- [Exercise objective]: Copy exactly the lines from the line holding "Ghete barefoot din" through the end of the material, and no others; pictures stay out.

- [Input data]:
○ ○ ○ ○ ○ ○ ○

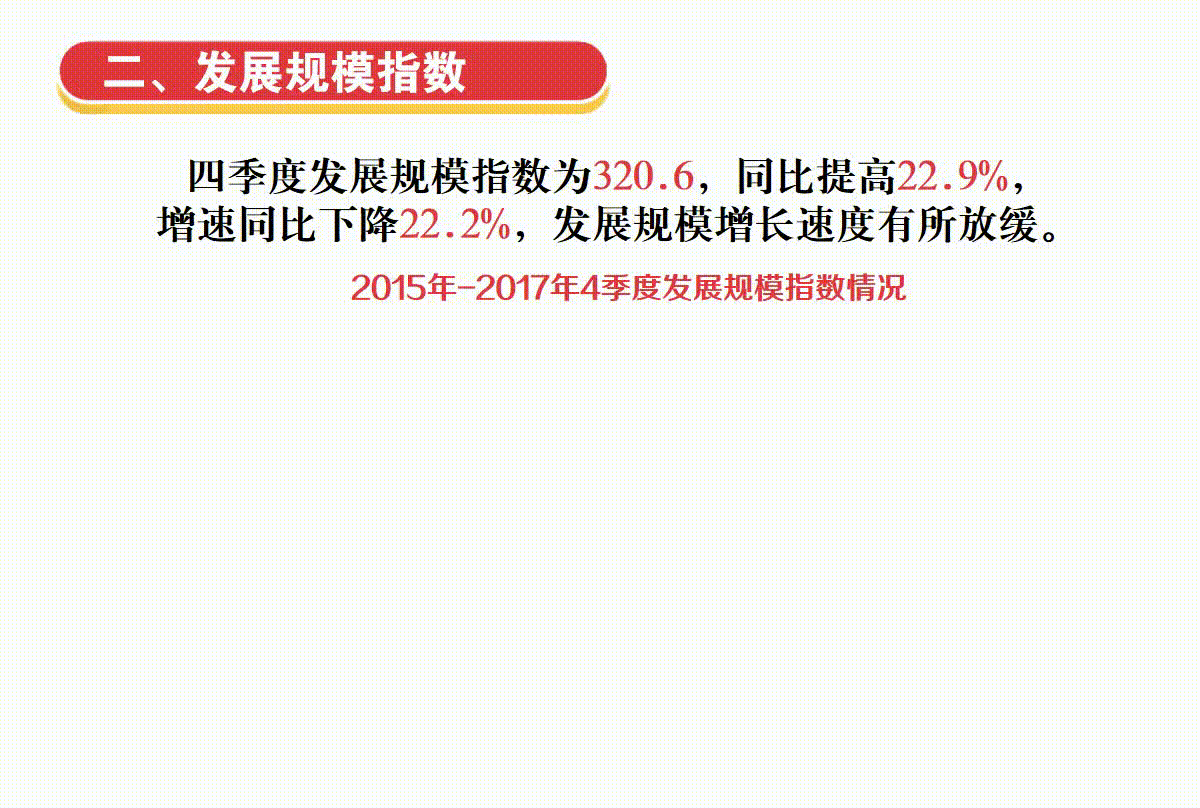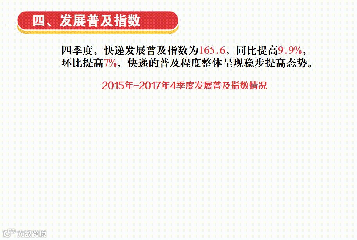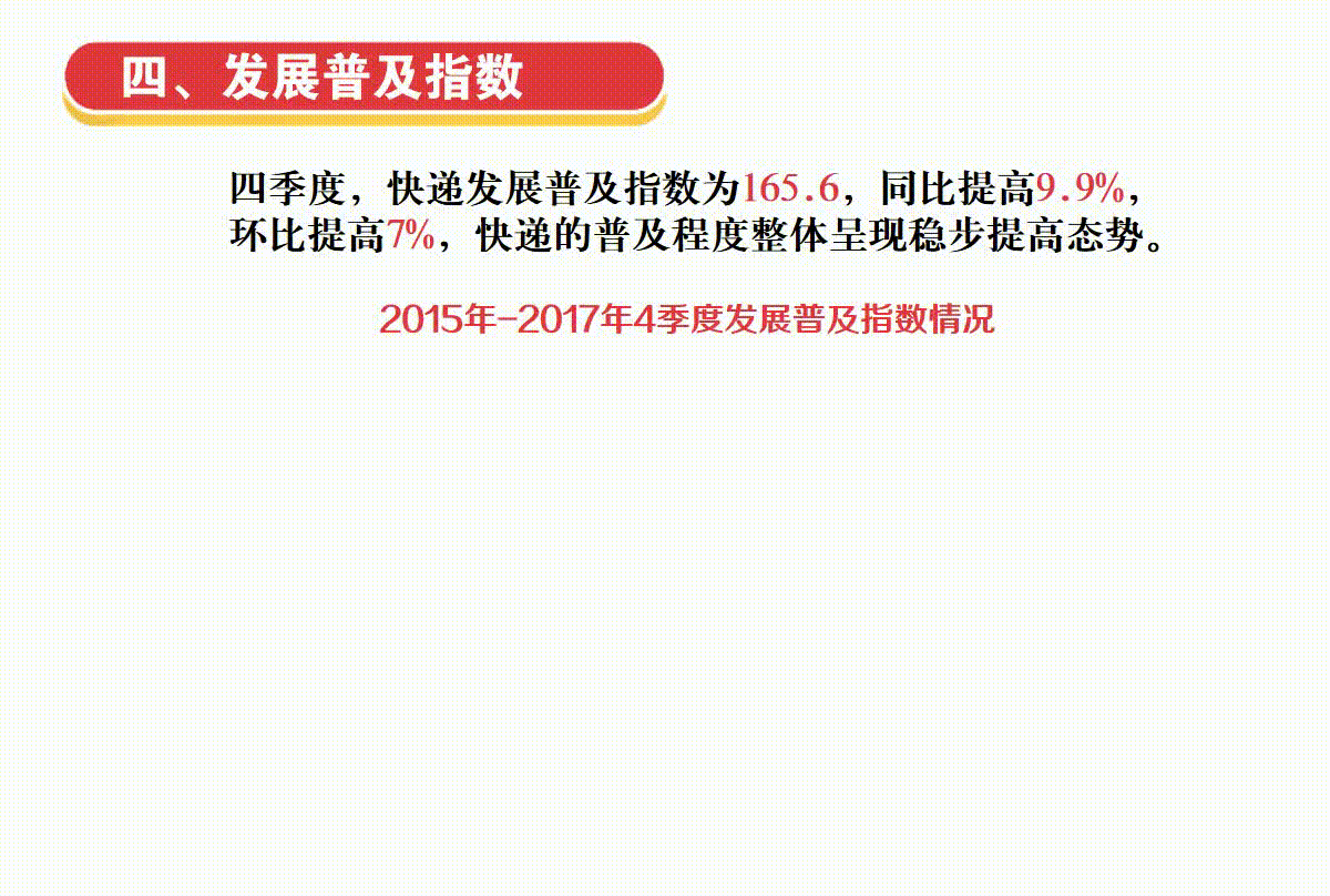2017年四季度,中国快递发展指数为208.5,同比提高16.8%,快递业仍处于稳步成长期,呈现出发展态势高位运行,市场结构持续优化,资源要素加速集聚,网络稳步向下延伸,服务能力显著增强的特点,较好地应对了旺季快递服务需求,快递准公共服务属性凸显。据国家邮政局发展研究中心市场监管研究处负责人耿艳介绍,2018年中国快递发展指数将调整优化指标体系,加大发布频次,月度快递发展指数将于2月初首次与公众见面。
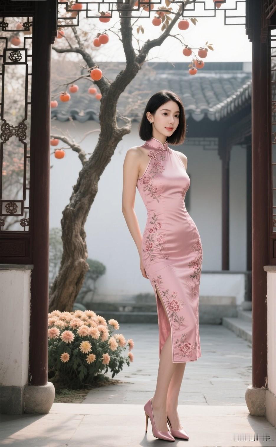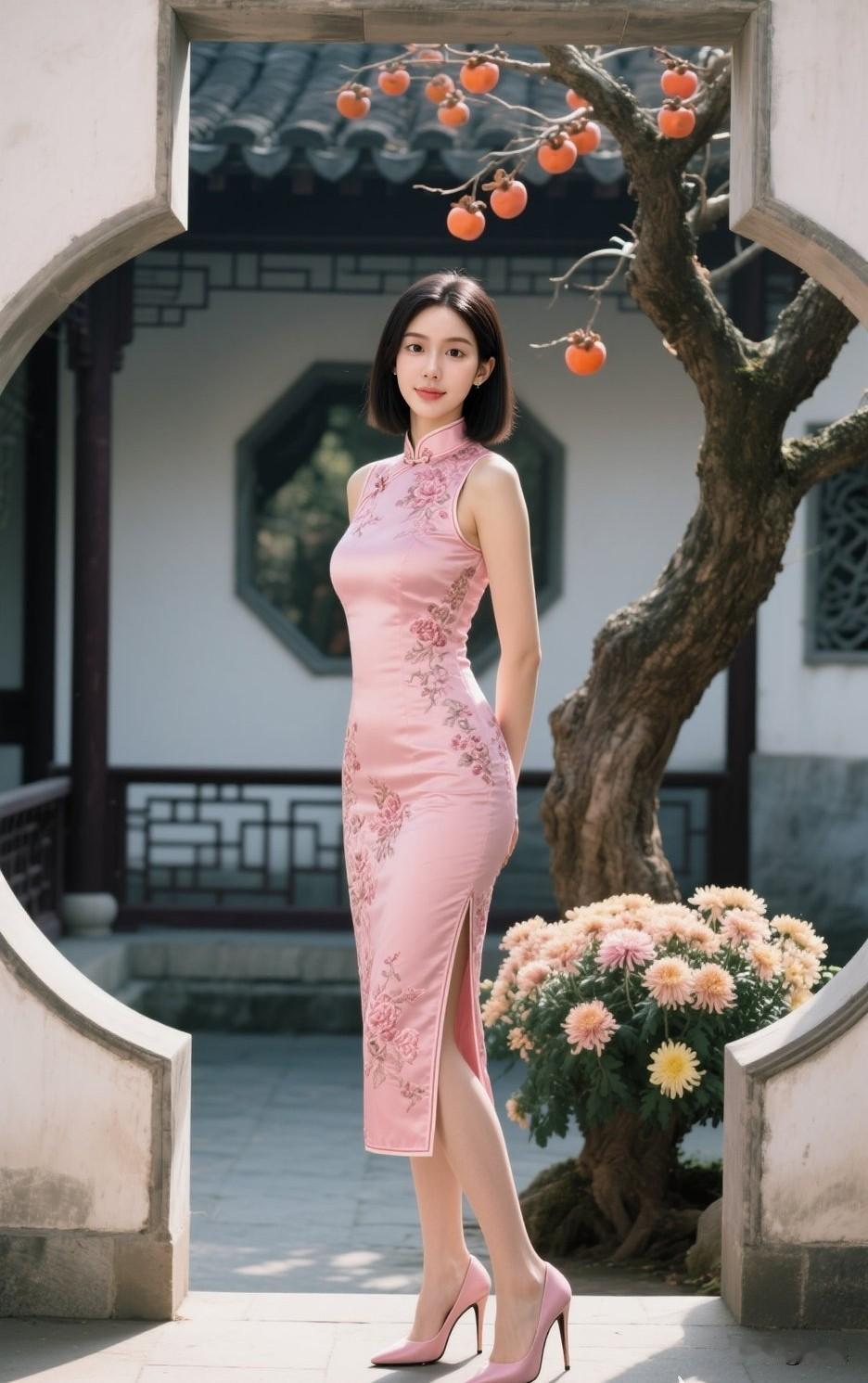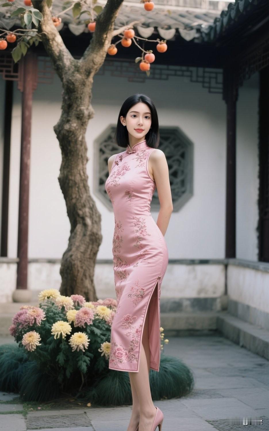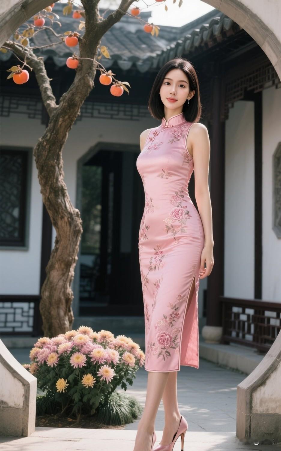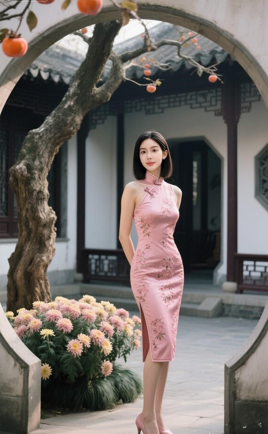 温柔笑颜,粉色旗袍,优雅气质,尽显东方美。
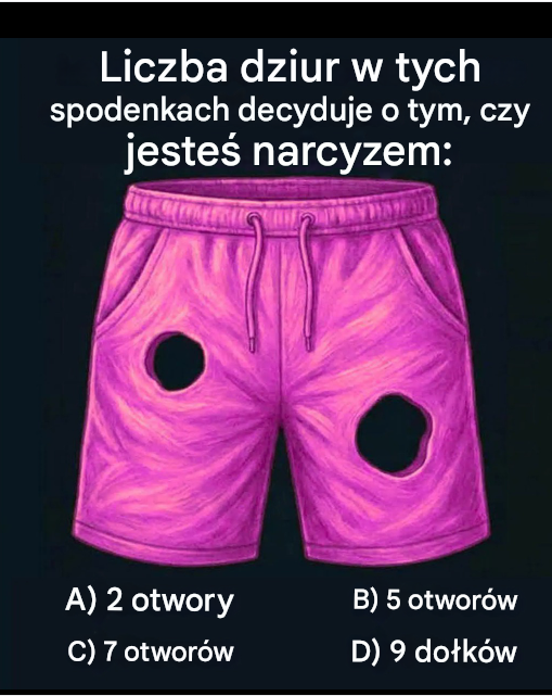 Tekst obrazka: Liczba dziurek w tych spodenkach określa, czy jesteś narcyzem: A) 2 dziurki
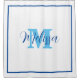 Blue White Monogram Initial Custom Name Elegant Shower Curtain
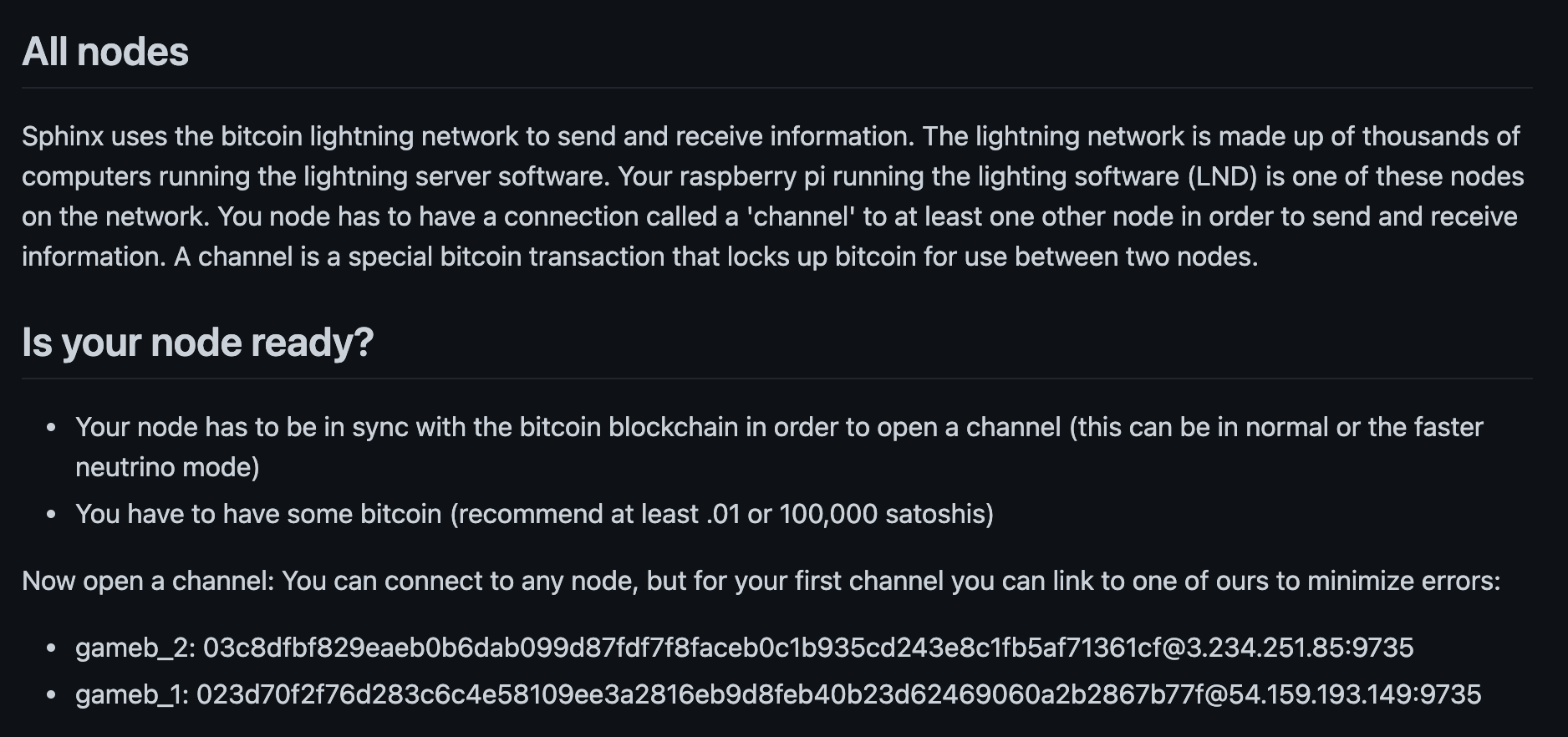 You will be sent over to the Sphinx Chat GitHub but what we want to do first is Open a Channel on our Lightning Node. When you get there scroll down until you see the following.
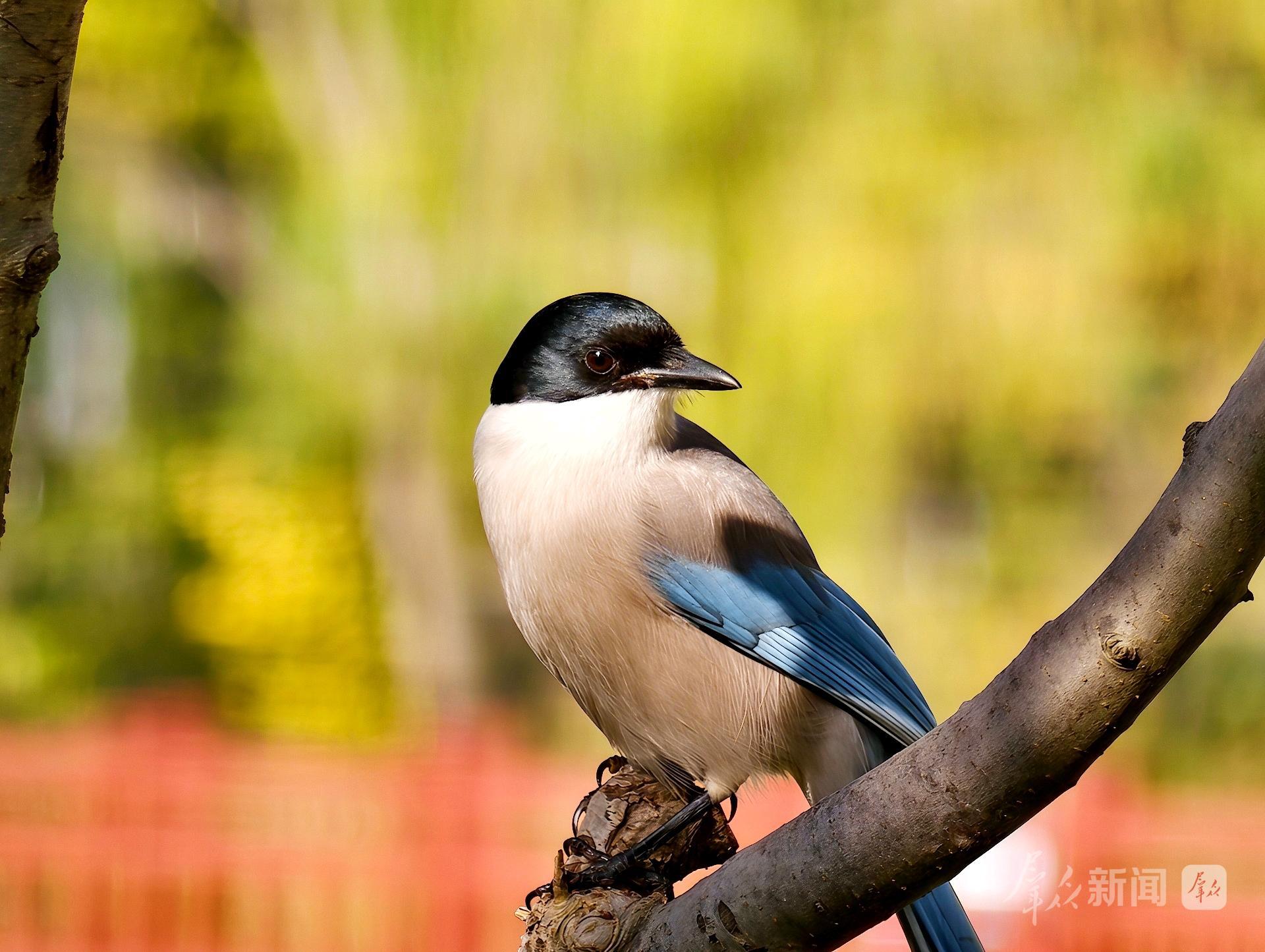 11月24日,在西安浐灞国家湿地公园,暖阳透过林间缝隙洒落,一只灰喜鹊在树枝间站立,黑色的头顶与亮蓝色的翅尾在绿叶映衬下格外醒目,为冬日的城市湿地注入了生机。
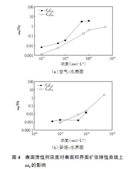 图4表面活性剂浓度对表面和界面扩张弹性曲线上ω0的影响
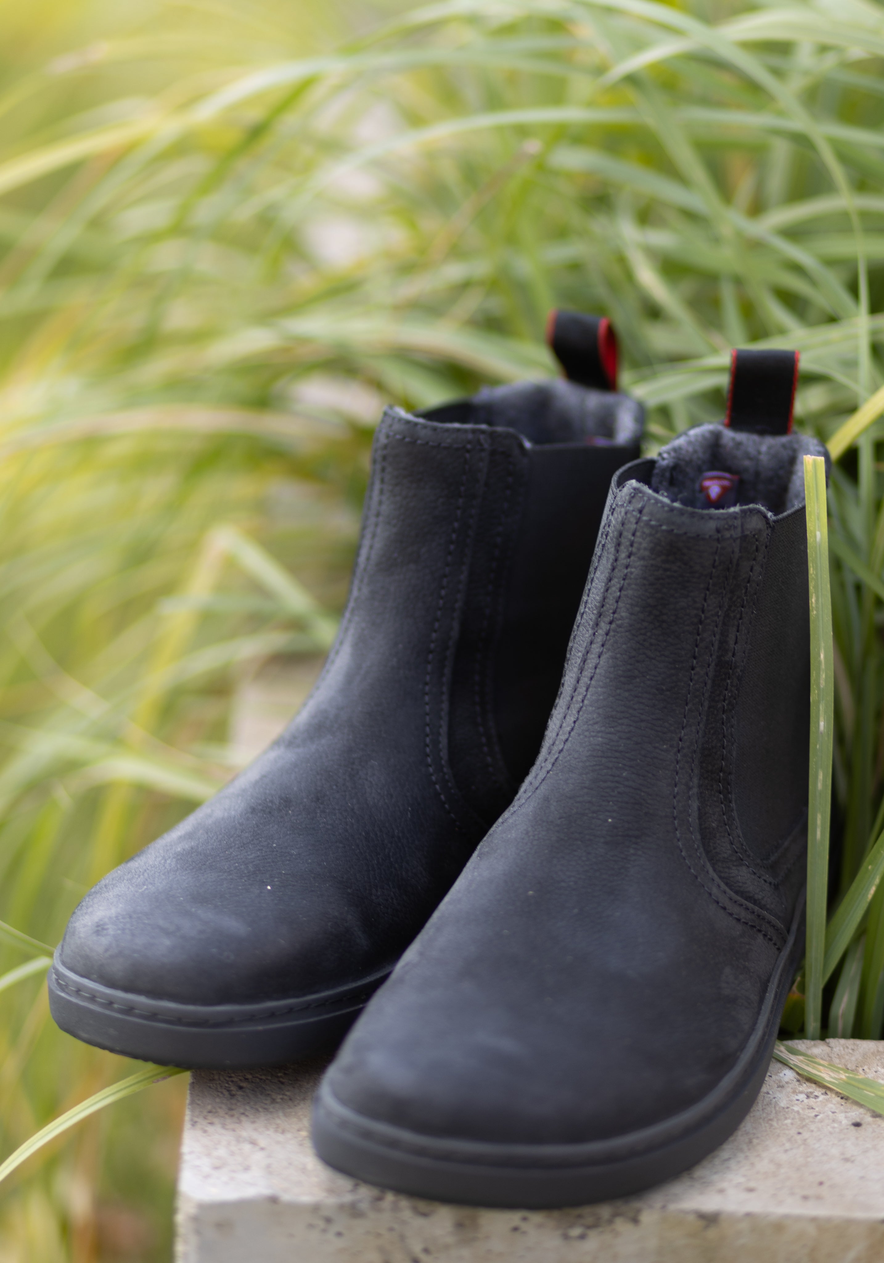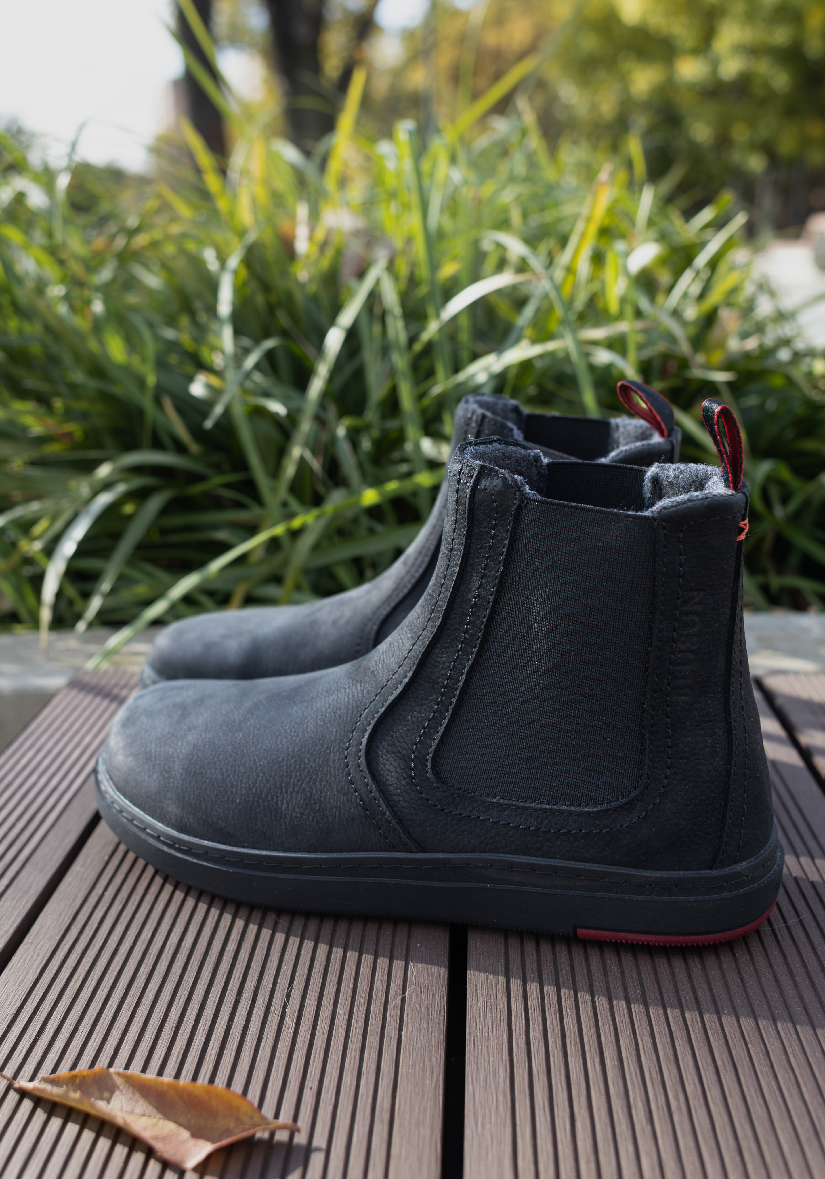 Ghete barefoot din piele năbuc water-repellent, căptușite cu lână feltuită și strat izolator Primaloft. Le recomandăm în special pentru toamnă și iarnă.
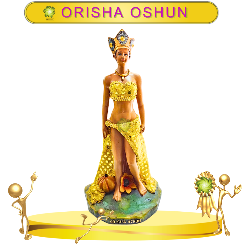 Oshún, la diosa de la fertilidad, el amor y la prosperidad, ofrece sus bendiciones a quienes buscan paz, armonía y éxito en sus vidas. Esta figura dorada simboliza su energía radiante, abundancia y su poder transformador.
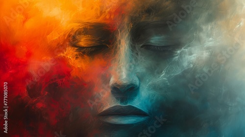 abstract, art, duality, serene, face, blending, warm tones, canvas, painting, texture, vibrant, abstract expressionism, modern, introspective, balance, contrast, fiery, artistry, contemporary, expressive, depth, gradient, harmony, meditation, emotion, creative, visualisation, artwork, symbolism

○ ○ ○ ○ ○ ○ ○

- [Solution to this task]:
 Ghete barefoot din piele năbuc water-repellent, căptușite cu lână feltuită și strat izolator Primaloft. Le recomandăm în special pentru toamnă și iarnă.
 Oshún, la diosa de la fertilidad, el amor y la prosperidad, ofrece sus bendiciones a quienes buscan paz, armonía y éxito en sus vidas. Esta figura dorada simboliza su energía radiante, abundancia y su poder transformador.
 abstract, art, duality, serene, face, blending, warm tones, canvas, painting, texture, vibrant, abstract expressionism, modern, introspective, balance, contrast, fiery, artistry, contemporary, expressive, depth, gradient, harmony, meditation, emotion, creative, visualisation, artwork, symbolism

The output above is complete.